WHAT IS NEEDED: Please give back exactly the line with "Где f(x>k-1>) и" and each line after it through the end of the material, leaving out the pictures.
━━━ SUPPLIED INFORMATION ━━━
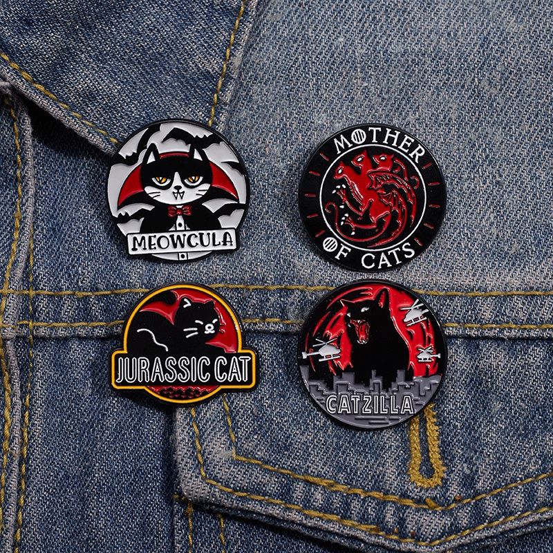 Broche De Esmalte De Gato Cartoon Godzilla , Jogo De Tronos , Pôster De Filme Do Parque Jurássico Mochila Crachá Acessórios De Roupas Jóias De Presente Para Amigos
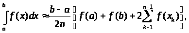 Где f(x>k-1>) и f(x>k>) - соответственно основания трапеций; x>k >- x>k-1> = (b-a)/n - их высоты.
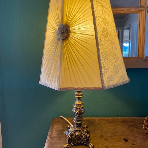 Bordlampe vintage med blomster og afbryder
━━━
TASK SOLUTION:
 Где f(x>k-1>) и f(x>k>) - соответственно основания трапеций; x>k >- x>k-1> = (b-a)/n - их высоты.
 Bordlampe vintage med blomster og afbryder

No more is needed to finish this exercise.